Tunable Layered (Na,Mn)V8O20·nH2O Cathode Material for High‐Performance Aqueous Zinc Ion Batteries

Rechargeable aqueous zinc‐ion batteries (ZIBs) show promise for use in energy storage. However, the development of ZIBs has been plagued by the limited cathode candidates, which usually show low capacity or poor cycling performance.

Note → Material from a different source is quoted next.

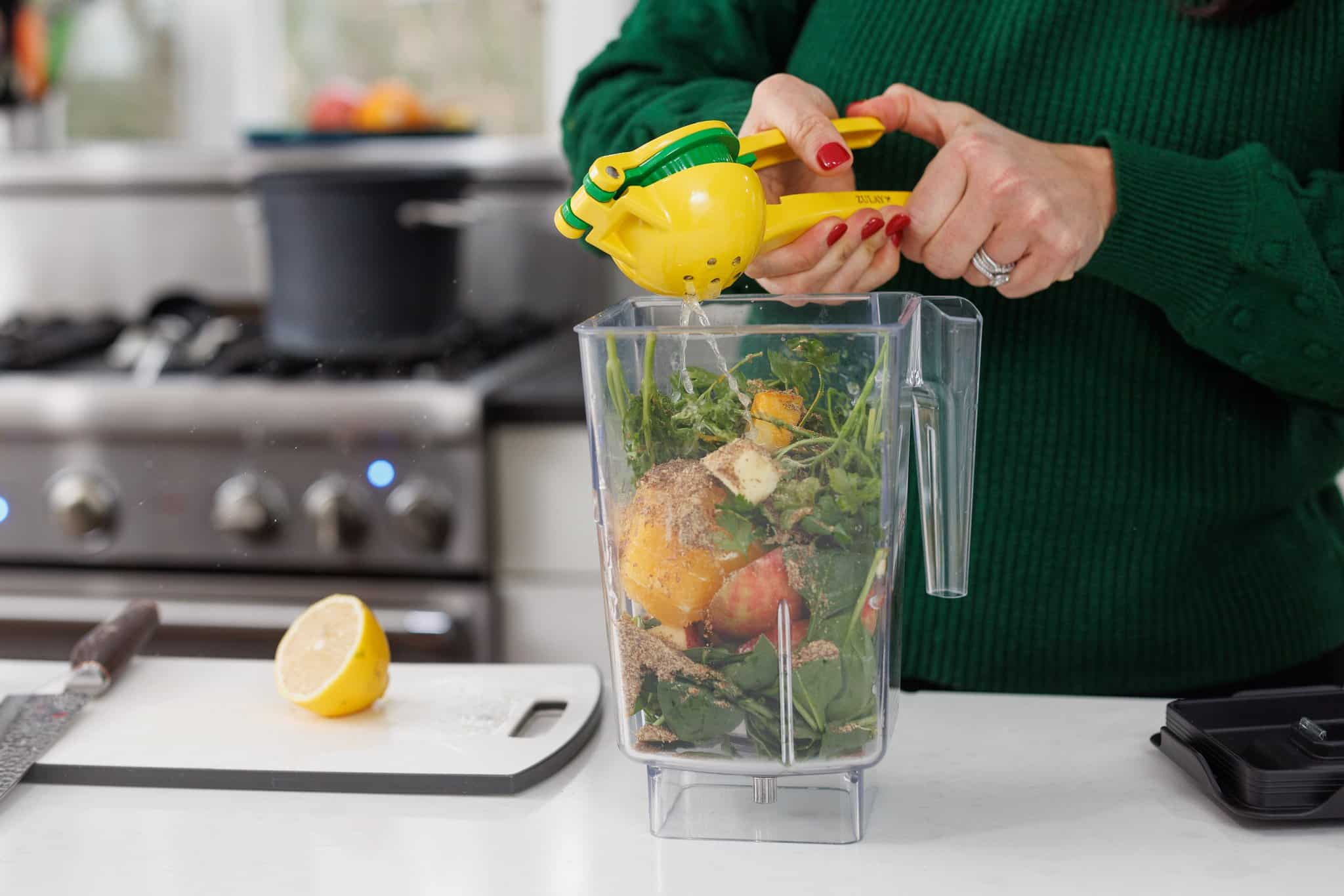 - Lemon juice: Bright, fresh, acidic flavor that pairs with the other fruit in the smoothie.

Here, a reversible Zn//(Na,Mn)V8O20·nH2O system is reported, the introduction of manganese (Mn) ions in NaV8O20 to form (Na,Mn)V8O20 exhibits an outstanding electrochemical performance with a capacity of 377 mA h g−1 at a current density of 0.1 A g−1. Through experimental and theoretical results, it is discovered that the outstanding performance of (Na,Mn)V8O20·nH2O is ascribed to the Mn2+/Mn3+‐induced high electrical conductivity and Na+‐induced fast migration of Zn2+. Other cathode materials derived from (Na,Mn)V8O20·nH2O by substituting Mn with Fe, Co, Ni, Ca, and K are explored to confirm the unique advantages of transition metal ions. With an increase in Mn content in NaV8O20, (Na0.33,Mn0.65)V8O20 ·nH2O can deliver a reversible capacity of 150 mA h g−1 and a capacity retention of 99% after 1000 cycles, which may open new opportunities for the development of high‐performance aqueous ZIBs. Mn‐doped NaV8O20 is synthesized via a one‐step hydrothermal reaction. The Mott–Schottky plots, Tafel curves and calculation results are given to explain the improved cycling performance of Mn‐doped NaV8O20. Other cathode materials derived from (Na,Mn)V8O20·nH2O by substituting Mn with Fe, Co, Ni, Ca, and K are explored to confirm the unique advantages of transition metal ions in NaV8O20.